Know your medications so you can be aware of side effects and other medications you should avoid. Try to recognize what may trigger a depressive symptom. For example, if certain friends or coworkers can change your mood from great to down, avoid interaction if you can.
Learn and practice coping skills. How to rid your brain of negative thoughts and replace them with positive ones can help tremendously as well as keeping you on the right track for a complete recovery.
Read self-help books from reputable physicians and therapists and seek help from websites and blogs. This and other support lines you can connect with may help you discover unknown ways to help yourself cope with depression.
Healthy diet choices and exercise are imperative in dealing with any type of depression. When you neglect your health, your entire system will become imbalanced – so hit the gym and make changes to your diet if needed.
Avoid alcohol and drugs. Any or all of these substances won’t make your depression better as sometimes thought. In fact, they may tend to make the symptoms worse. Keep in mind that they may also interact negatively with whatever medications the doctor prescribed.
Break a bad habit. Changing your life in any way from negative to positive helps you overcome symptoms of depression. For example, if you were smoking, take steps to quit. Switch up old habits and do something new or engage in that hobby you always wanted to try.
Create a routine for yourself that works. Planning ahead takes the anxiety out of situations that might otherwise feel stressful. Hang out with positive and upbeat friends and family rather than isolating yourself. They can be a source of encouragement and support during the dark times.
Best Natural Remedies for Situational Depression
When your emotions are imbalanced, there are some natural remedies worth trying to get back on track. Research has proven that many cases of short and long-term depression is due to a lack of B vitamins.
Vitamin B6 and folic acid can help regulate the depressive symptoms and may even increase the efficiency of your prescriptions such as anti-depressants and anti-anxiety medications.

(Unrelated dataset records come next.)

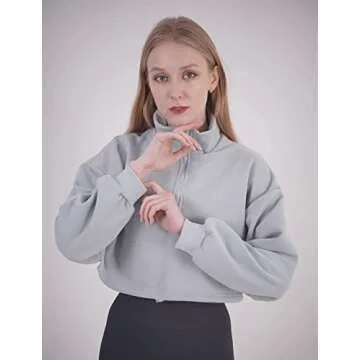 Haellun Women's Long Sleeve Half Zip Fleece Lined Crop Top Pullover Sweatshirt (Blue, Small)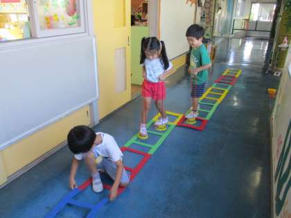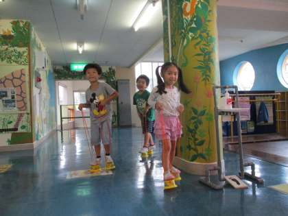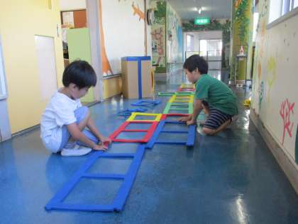 4歳児ひまわり組は、運動会のプレゼントに保護者会から「パカポコ」をいただきました。乗り始めたころは、足をのせるバランスをとるのが難しかったけれど、上手く歩けるようになると、その音も面白いようで、友達を誘って楽しんでいます。「道をつくって歩いてみよう」と、ソフトラダー(梯子型マット)をつなげると、早速、その上を歩いていました。「曲がり角もあったらおもしろいよね」と友達と相談しながら、長い道を「パカポコ、パカポコ…」と言いながら何度も挑戦していました。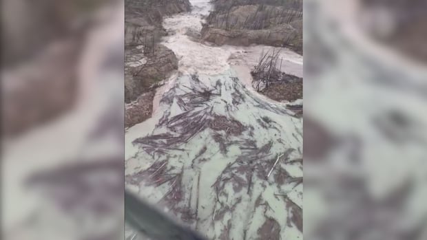 At a news conference Monday afternoon, Connie Chapman with B.C.’s Ministry of Water, Land and Resource Stewardship said the water had since created a 15-metre-wide channel in the dam and was breaching it at a “moderate pace.” She added the dam is carrying wood debris downstream.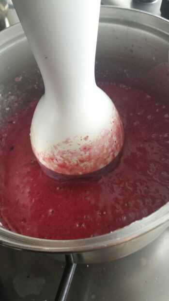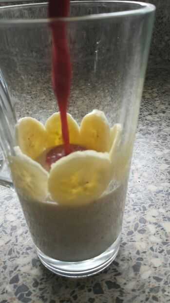 Cuando vierte, añadir las bayas a la papilla de plátano restantes y mezclar.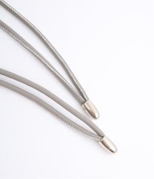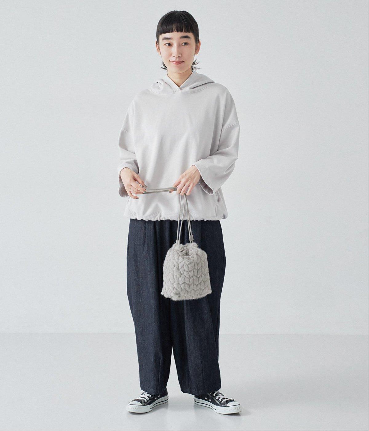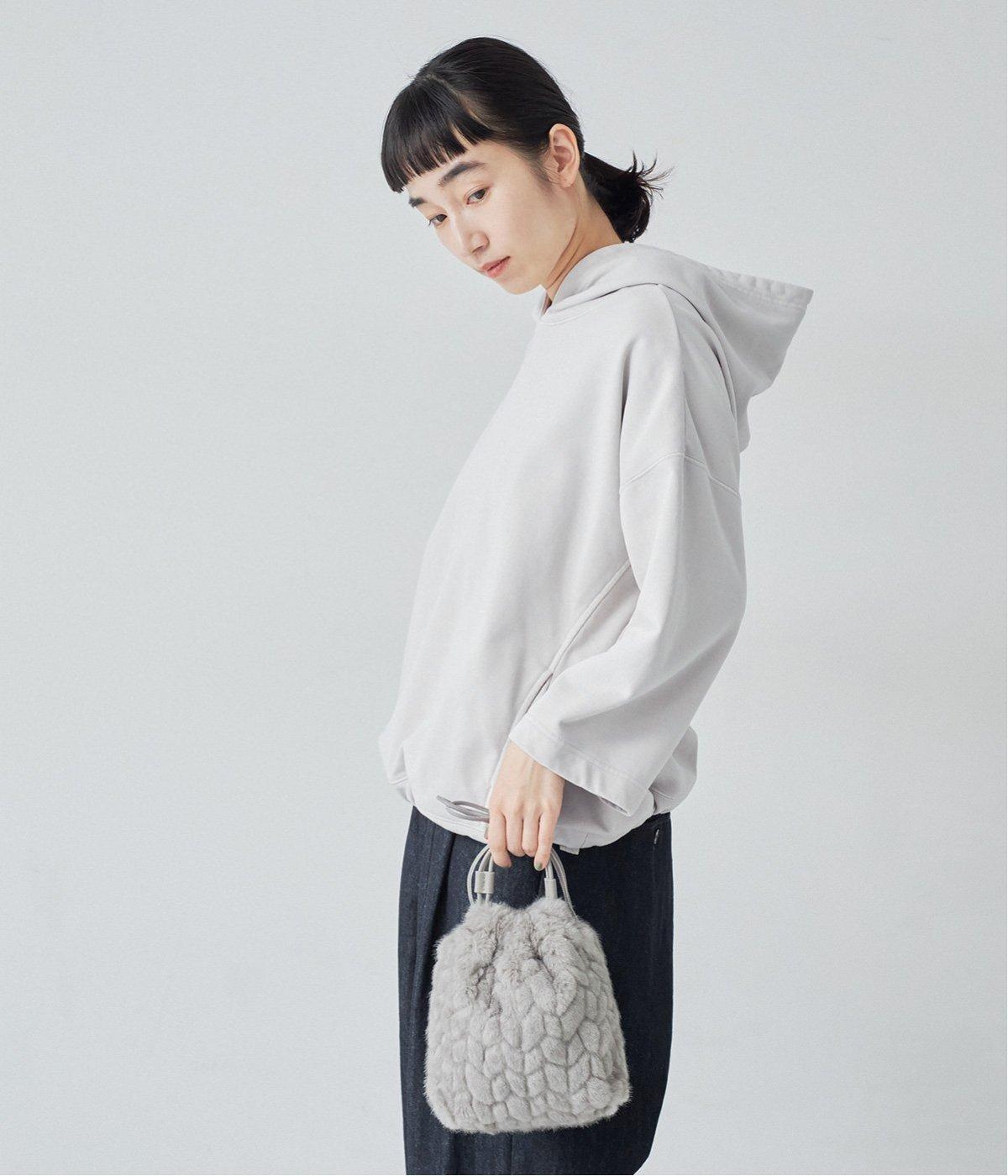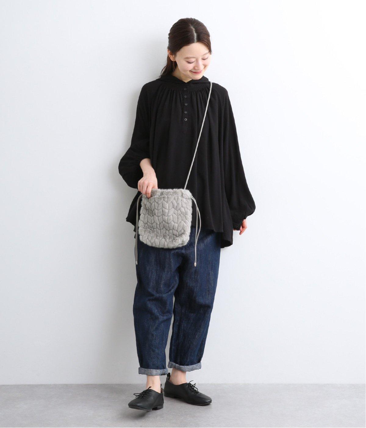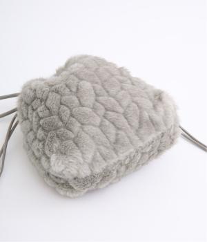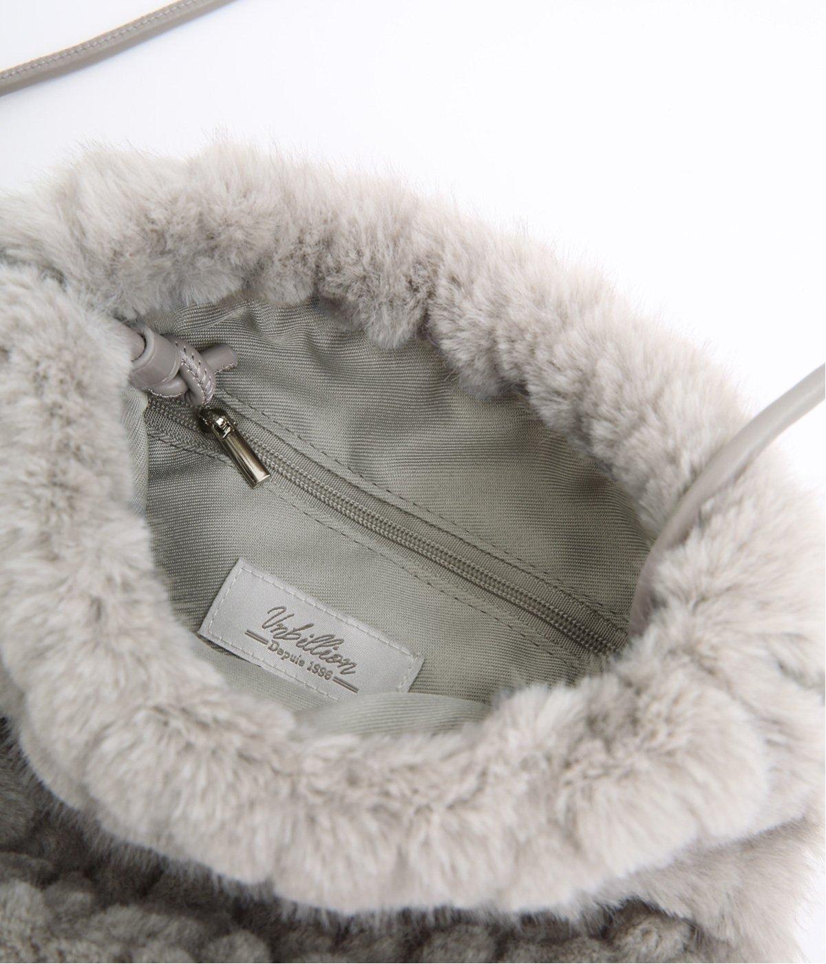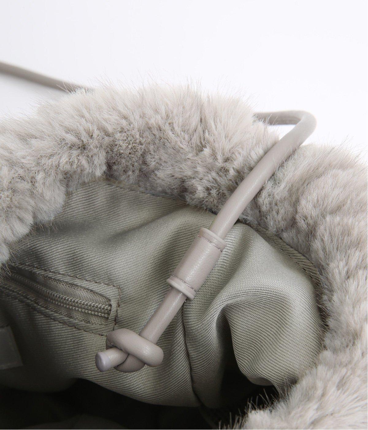 形はシンプルながらファーにカット加工を入れて、ヘリンボーン風の柄を表現し、高級感のある仕上がりです。ショルダーの長さは内側の結び目部分で微調整ができます。巾着タイプでころんとしたフォルムも◎。ショルダーも丸コードも品のいい印象です。

The herbal remedy St. John’s Wort has long been the choice of many for treating mood and depressive disorders. Don’t take St. John’s Wort if you’re already taking birth control pills, antidepressant medications or retroviral medications because of possible dangerous interactions.
Fish oil containing omega-3 fatty acids is a supplement also known to maintain mind efficiency. Fish oil contains the essential fatty acid, DHA (docosahexaenoic acid), which is present in the nerve and brain tissues.
SAMe is believed to relieve symptoms of depression faster than St. John’s Wort. Be sure to only take the enteric-coated capsules or tablets in the form of butanedisulfonate and take it on an empty stomach.
Just like alcohol and drugs, caffeine can interfere with depressive symptoms. Cut down or completely avoid all forms of caffeine. Acupuncture may also be considered a natural remedy for mood and depressive disorders.
If you experience situational depression for more than six months, consult a mental health professional or grief counselor who can help you get to the root of your situational depression and lead you to a full recovery.
Remember that there are numerous ways to lessen feelings of depression. Try some natural methods along with your doctor’s recommendation until you find one that works well for you.
There is a method that will work for you. The worst thing you can do is to ignore the symptoms and let them morph into an even worse depressive disorder that could change your life drastically – and forever.
Finally, you are able to choose another response to what life has dealt you. Try not to let depression get the best of the joy you can experience today. Break free of those downward-spiraling emotions by choosing a different and more uplifting response.